DATA SECTION:
────────────────────
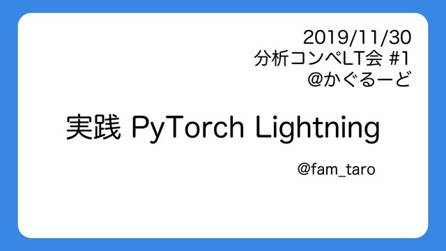 実践 PyTorch Lightning (2019/11/30 分析コンペLT会 #1)
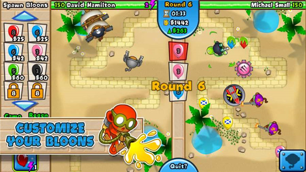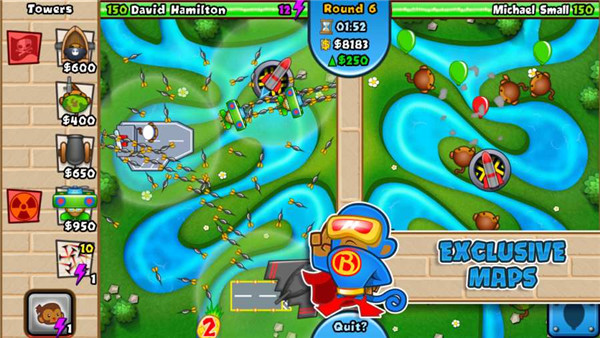 建立猴子塔尽可能打造一个强的阵容,并与其他玩家在每周争议的领土事件的成绩竞争。使用猴科学的新派玩家对玩家的bloon攻击,然后看看谁的防御是强的,并赚取额外的胜利奖励。
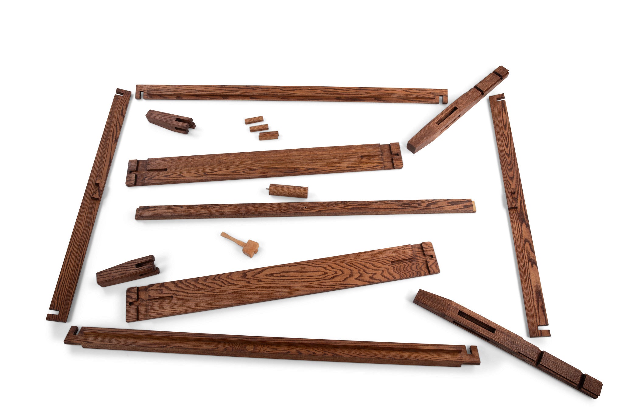 Assembled using traditional Japanese joinery, the Atalaya frame uses keyed sliding dovetails, castle joints, and splined "U" joints to come together in minutes without the use of any hardware.
────────────────────
ACTIVITY:
The finished copy should match the data above word for word and contain no pictures.

RESPONSE TO THE EXERCISE:
 実践 PyTorch Lightning (2019/11/30 分析コンペLT会 #1)
 建立猴子塔尽可能打造一个强的阵容,并与其他玩家在每周争议的领土事件的成绩竞争。使用猴科学的新派玩家对玩家的bloon攻击,然后看看谁的防御是强的,并赚取额外的胜利奖励。
 Assembled using traditional Japanese joinery, the Atalaya frame uses keyed sliding dovetails, castle joints, and splined "U" joints to come together in minutes without the use of any hardware.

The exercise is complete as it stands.